Martin Atkinson, as expected, played a pivotal role in Arsenal’s defeat at Stamford Bridge on Sunday as the Gunners said goodbye to their title challenge in the weakest possible fashion.
The lineup was not a surprise to anyone. In fact, it was just as I’d predicted before the game, apart from Theo for Welbz because, well, I forgot about Theo. Given his impact on Saturday, can you blame me?
The formation, however, was different, moving from a 4-2-3-1 to a supposedly more solid 4-3-3 with Ozil on the left.
Arsenal started well and had their first shot – a deflected Iwobi effort – before we even had two on the clock. Within moments, it was up the other end for a Chelsea corner and the tone was set.
Both teams wanted the win, and neither were going to use a bus to get it. We had an actual football match on our hands.
That didn’t last.
Chelsea took the lead with 12 minutes gone and it was a goal that should never have stood. Or even got that far.
Atkinson ignored a foul on Coquelin which allowed Chelsea to win the ball back. Chelsea got in a shot and as the ball came back from Cech’s save, Marco Alonso flew into Hector Bellerin, cleaning him out with an elbow.
Atkinson gave the goal, Arsenal lost Bellerin to a head injury, and Sky Sports discussed how he must have winded himself when he ‘fell’. The reason he ‘fell’ the way he did was because he was unconscious:
Had it been Mustafi on Costa we’d still be seeing replays this time next week with talk of red cards and bans. It was a disgraceful passage of play from Atkinson, but not at all unexpected. Sky then went on to tell us how ‘brave’ Alonso had been. It’s really brave to knock out your opponent before heading the ball, eh?
The goal changed everything.
Arsenal were rattled and Chelsea emboldened. Atkinson flashed a yellow at Mustafi for cleaning out Hazard but kept them in his pocket when Moses did the same to Monreal. Arsenal couldn’t get their shape back and were unable to get Ozil into the game. Alexis was trying to do everything himself, the worst of his selfishness shining through.
It took Arsenal about 25 minutes to settle after the goal and substitution, when they should have scored from a corner. Gabriel’s free header went straight at Courtois when he simply had to score in a game was never going to present many clearer chances.
Arsenal made it to the break just one goal down – a feat that seemed unlikely in the aftermath of their opener.
The halftime discussion on Sky was beyond disgusting.

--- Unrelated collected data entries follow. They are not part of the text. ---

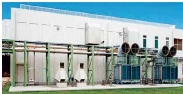
中部下水処理場に導入した消化ガス発電設備
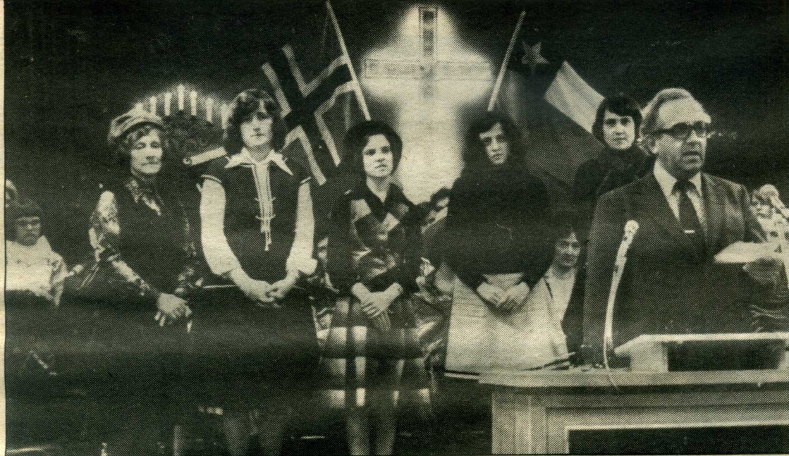
Nye misjonskandidater til Sør-Amerika som reiser ut så snart deres underhold er ordnet.
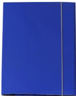
CARTELLINA RIGIDA CON ELASTICO
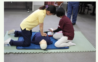
救急時の対応実習
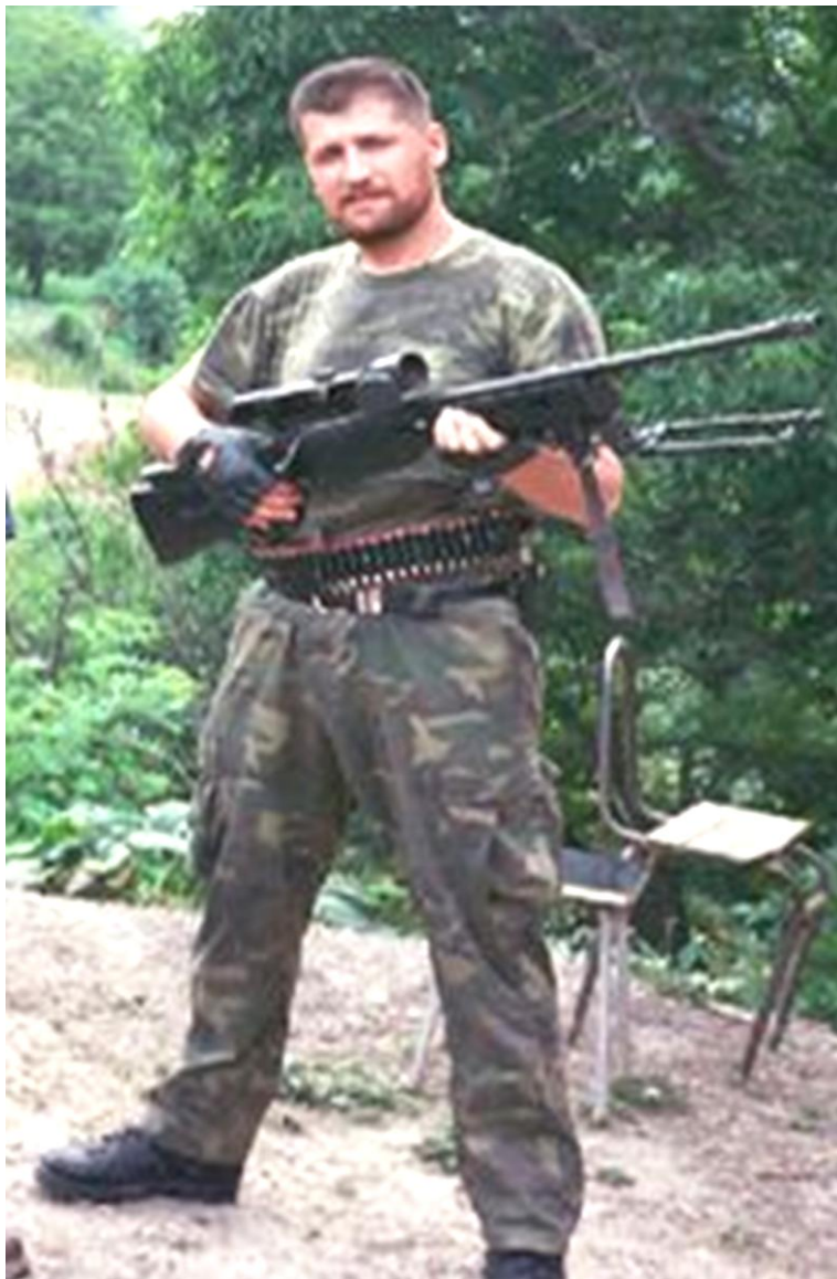
Zafiri në Malësi të Vërrinit, maj 1999
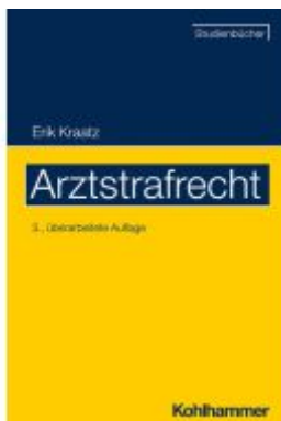
Arztstrafrecht Ladenpreis: 37,00EUR
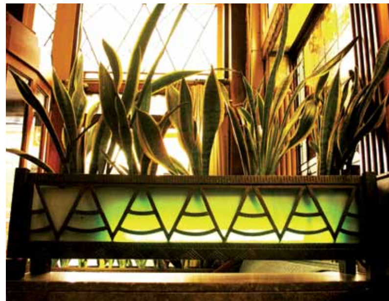
Sanseverias, perfect geïntegreerd in het beschermde interieur van café L'Espérance

De meeste mensen hebben niet zulke intieme betrekkingen met hun planten als met hun huisdieren. Een kat is aaibaar, een hond gezellig, zeker als je alleen bent. Dat kun je niet van een vlijtig Liesje zeggen, ik heb het nog steeds over planten. Maar toch worden ook aan planten allerlei menselijke eigenschappen toebedacht. Elsschot, toch een schrijver die ook in Brussel heeft gewoond, laten ze het niet in Antwerpen horen, ze krijgen een fit, schreef over het nederige gras. Proust had het over la force tranquille du camelia, een opmerking die de man die de verkiezingscampagne van president Mitterand indertijd bedacht handig gebruikte. Overal in Frankrijk hingen levensgrote pos-
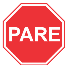
R - 1 Parada obrigatória
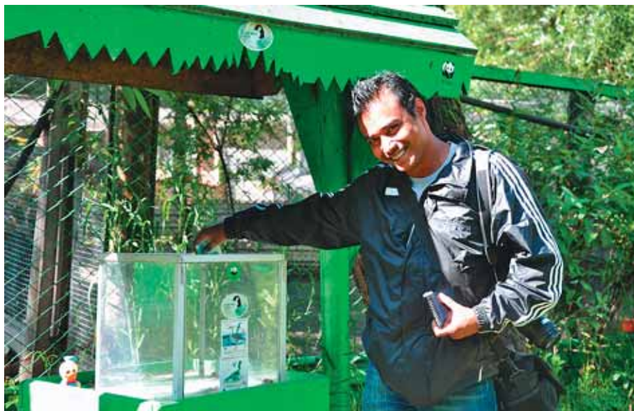
Гость из Индии

Both Thierry Henry and Graeme Souness said the goal was ‘great’ and ‘fair’ Sky even showed the clearest angle of Bellerin being knocked out – before Alsonso met the ball with his head – and added ‘And that angle clears up it’s a fair leap’.
Alternative facts everywhere.
If I’m honest, my interest in the game had waned by the time the second half started. I was alert enough, sadly, to watch our defence act like weebles as Hazard slalomed around them to kill Arsenal’s hopes in this game and the title race.
We were going down hard.
Changes came – Olivier Giroud and Danny Welbeck for Francis Coquelin and Theo Walcott – but it was too little too late. We couldn’t take any of them anyway. Welbeck, Mustafi, they all should have done better, although Welbz was denied by a great Courtois save.

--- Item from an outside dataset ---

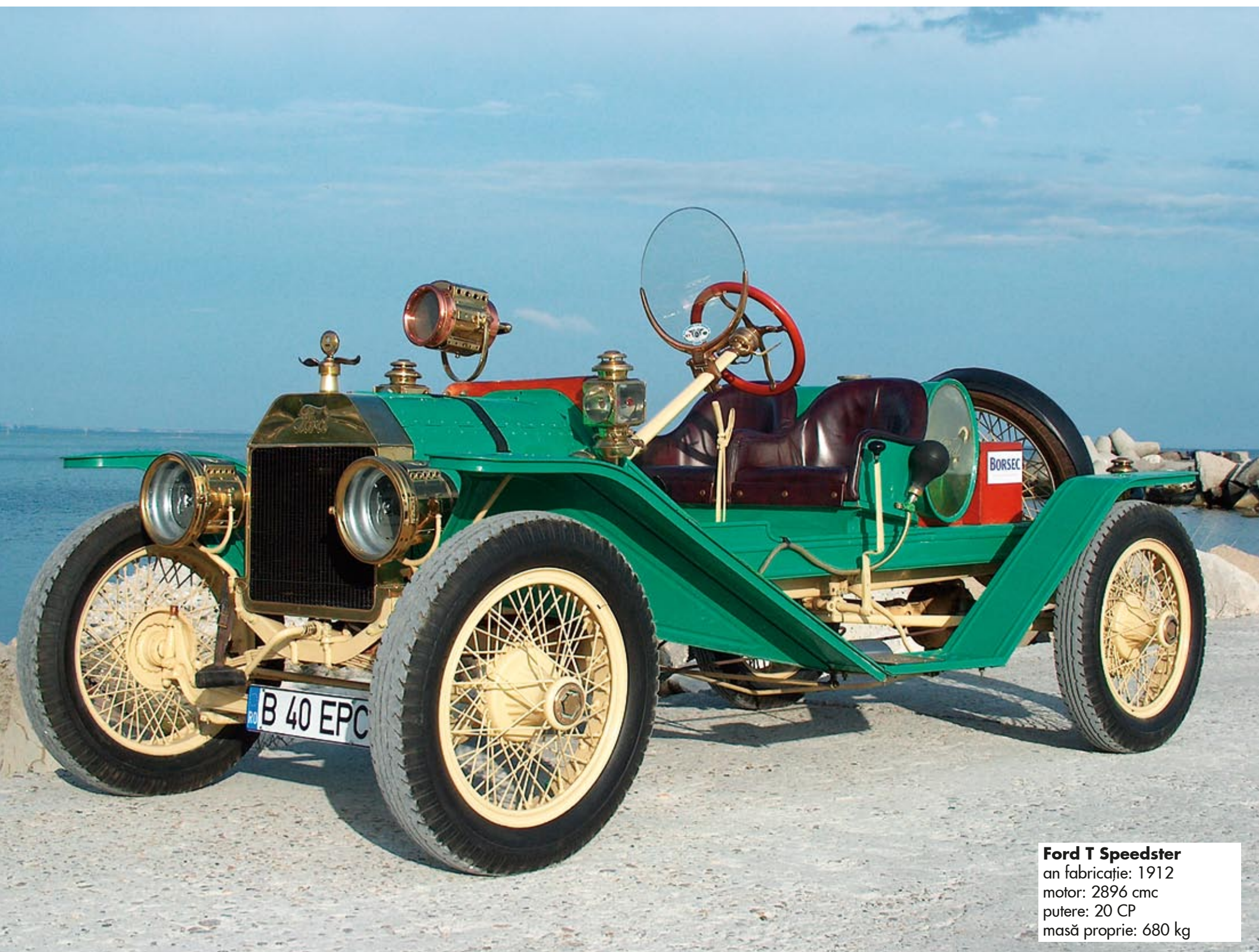
Ford T Speedster an fabricație: 1912 motor: 2896 cmc putere: 20 CP masă proprie: 680 kg
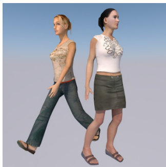
Ke set ? — Sati ... ..

Chelsea made it three when Cesc Fabregas, only on for about two seconds, capitalised on Cech’s awful mistake to loft the ball into a gaping hole almost as big as the one that now separates us from Chelsea in the league. Giroud grabbed a consolation, but nobody cared.
What we saw from Arsenal in this game was more mental fragility and a team unable to change when it needs to do something different.

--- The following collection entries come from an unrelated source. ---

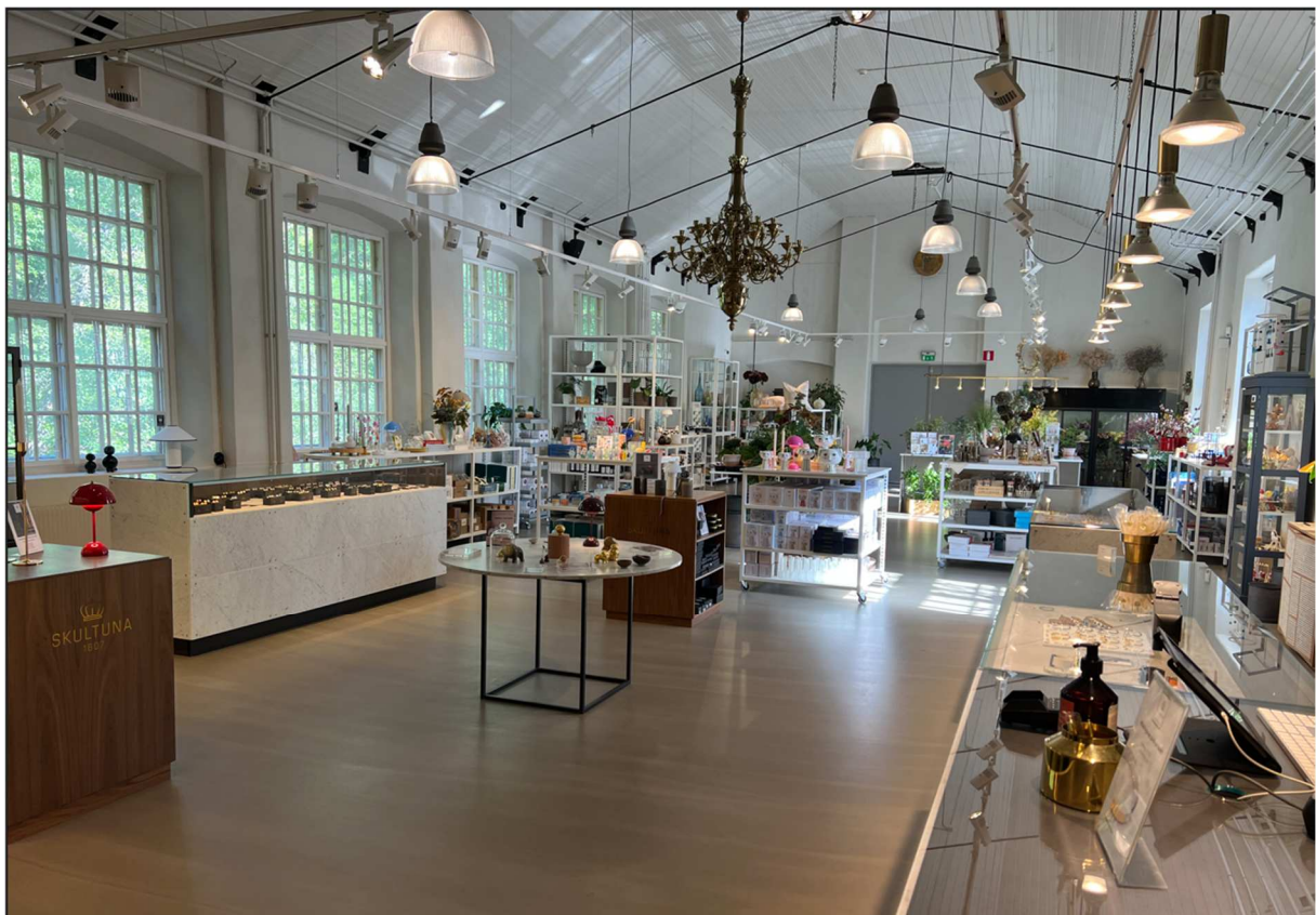
Interiörbild från Skultunas utställningslokal där man även kunde göra inköp för hugade spekulanter.
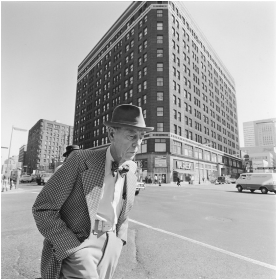
Tom Arndt, Man with a bow tie, 6th J Hennepin, Minneapolis, Minnesota, 1975 Tirage gélatino-argentique moderne — 27,9 × 35,3 cm — n°1/15

Bienveillante, aimante, nécessairement humaine. Sur les foules, les grands rassemblements populaires ou les portraits plus individuels, Arndt pose un regard attendri, sans ironie aucune. Premier degré. Sans double lecture, ainsi se présente le réel de ce photographe contemporain de Robert Frank avec qui il collabora un temps. Certaines de ses prises partagent d'ailleurs les mêmes lignes, le même esprit. Notamment, cette façade d'où quelques têtes émergent par une fenêtre, sous une bannière étoilée. On croirait voir un cliché de The Americans . Puis ces « Américains » disparaissent, s'estompent peu à peu, laissant place à un monde dépeuplé, plus flou, plus poétique aussi. Les images sont auréolées de buée, de fumée, les contours sont moins nets et la dynamique est encore plus personnelle. Le style évolue sans pour autant se travestir.
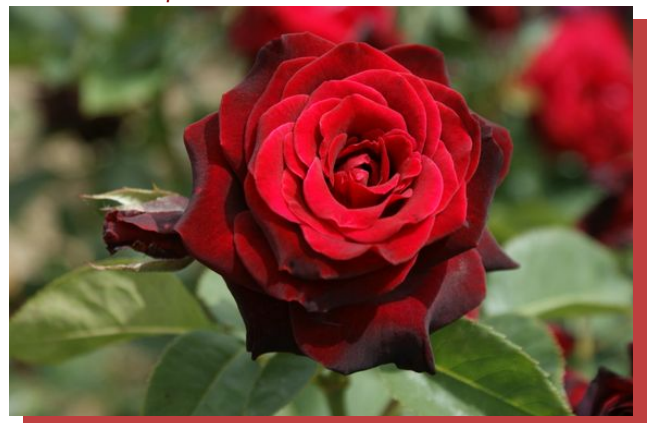
Black BACCARA ® Meidebenne
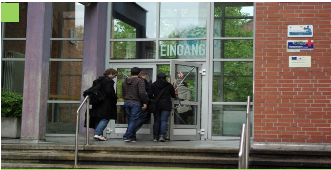
Drei Schwerpunkte Ihre Voraussetzungen
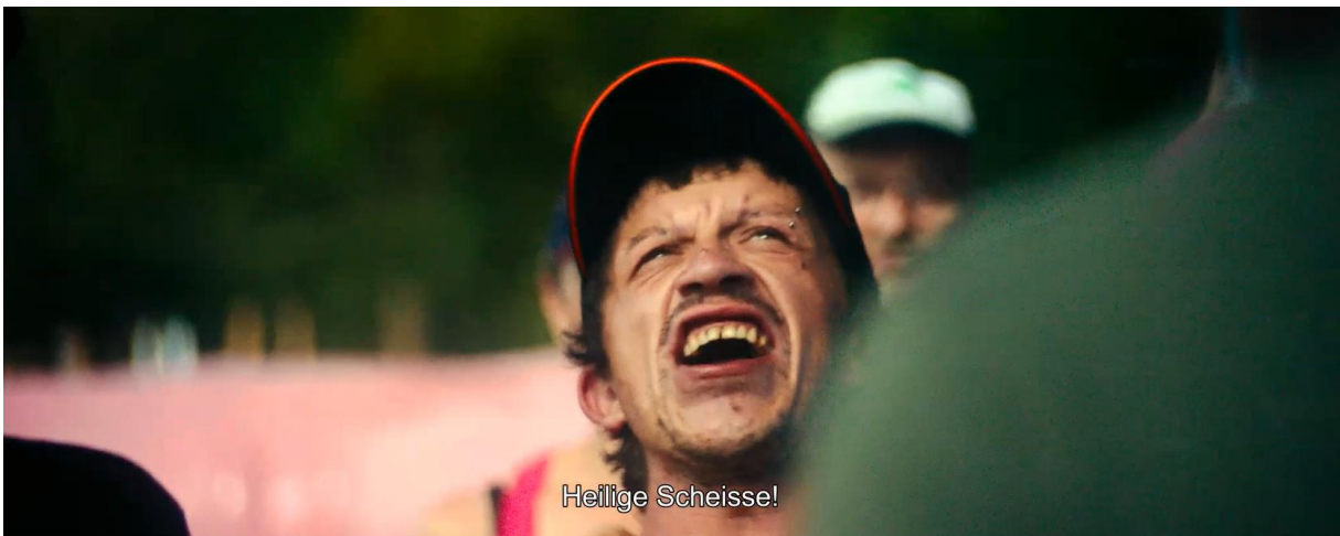
Plan rapproché. Un inconnu hurle le juron qui donne son titre au film : "Vingt dieux !"

It was a performance we’ve seen many times, usually against a team like Chelsea and there really is only one common thread running through all these games – Arsene Wenger and how he gets his team prepared for a match like this.
I’ve had a few thoughts on this so will address it in a post at a later date. I’ve been avoiding it because of the conclusions I know it will draw.